Do you ever feel isolated due to chronic illness? You never know how you’re going to feel from day to day, therefore it’s hard to make plans ahead of time. Others may not understand. When energy levels and pain are too much to socialize, it makes it hard to stay connected. You may not be able to work outside the home which causes even more isolation. Things like Facebook can even make us envious of friends and family who get to do things on a regular basis. There are things you can do to make it easier to connect even if your energy level is limited and you’re in pain.
Pets can help you not feel so isolated.
My dog Toby has been a godsend. He is a nine year old toy poodle. He also makes more work for me by ripping paper and chewing on shoes! I guess he isn’t done with the puppy stage! He had to have his eye removed a few months ago and we supported one another while he healed. I call him my one eyed wonder. Research says that petting an animal can lower blood pressure and release a relaxation hormone. They also give you a sense of belonging and meaning.
Connect with others earlier in the day.
Do you find it hard to participate in activities that are in the evening? Sometimes it’s easier for others to get together in the then. Many of us with chronic illness are wiped out by this time or have to tend to family. Why not suggest to some of your friends who are home during the day to get together for breakfast or maybe they can stop by for coffee. I know my small group meets in the evening and lately I’ve been too tired and spent to go. I’ve really miss that connection. It was much easier for me when they met in the morning. You could also have a friend come over with popcorn and a movie. Who says movies have to be watched at night? (Unless you do better in the evening of course.)
Try a support group.
Certain cities many times have different support groups. Make sure it’s a good fit. I know some I’ve been to have left me more depressed than when I came! I have also found good ones too. Check your local paper. Many of them are held in churches or hospitals. If there isn’t one in your neighborhood why not start one? If that seems overwhelming maybe you can co-lead it so the burden doesn’t only fall on you. One support group you may be able to start in your church is Hopekeepers. Lisa Copen from Rest Ministries gives you instructions on how to get one started. You can also join the online Facebook group.
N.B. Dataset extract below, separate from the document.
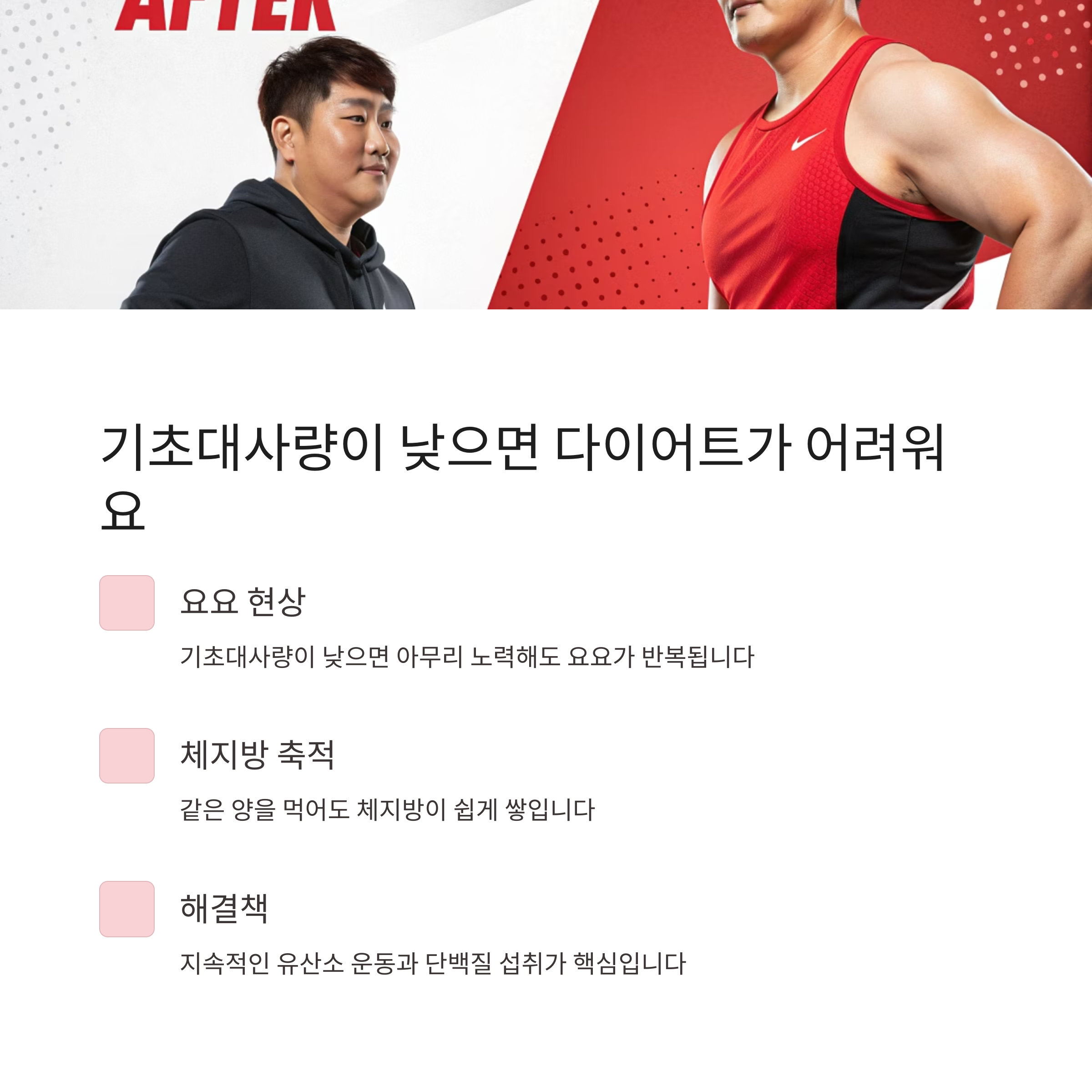기초대사량은 선천적인 체질이 아니라, 후천적인 관리로 충분히 높일 수 있는 요소입니다.

Connect with others online.
There are many blogs these days about living with a chronic illness. You can google the topic to find them. There are also Facebook groups for different topics. Put in the search engine on Facebook “chronic illness” and see if you can find a good fit. Some are more active than others. Forums are another good way to find support.
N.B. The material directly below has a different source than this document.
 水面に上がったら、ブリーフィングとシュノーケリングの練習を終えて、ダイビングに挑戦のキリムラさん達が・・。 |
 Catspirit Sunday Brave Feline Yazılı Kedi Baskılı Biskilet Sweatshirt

Be clear with your family and friends on what your needs are.
It is easy for us to want family members and friends to read our minds. We can get frustrated when they don’t. This isn’t fair to them though. Many people want to help out or spend time with us but aren’t sure how. Ask them if they’re in a position to help or spend time doing something within our limitations. If they can’t accept their answer. It probably isn’t a reflection of you. They may be able to do it next time. I know it’s hard to ask people for their time, but many people genuinely want to help. Maybe next time you’ll be able to do something for them. See my post on How to Ask Friends for Support.
Seek out a counselor.
Last but not least look for a counselor. Many of them are good at helping you brainstorm on ways to improve your life. They can also help you look at things from a different point of view. I know mine help me think of ways as to not be so overwhelmed when I’m in a flare. We brainstormed practical things I could do that would be helpful. I wrote them down in a notebook and now it is my go to when I’m having a difficult day. Start by asking your pastor for some contacts or look them up online.
I hope these things have inspired you to think of ways to connect with others in and out of the house. How do you like to connect with others?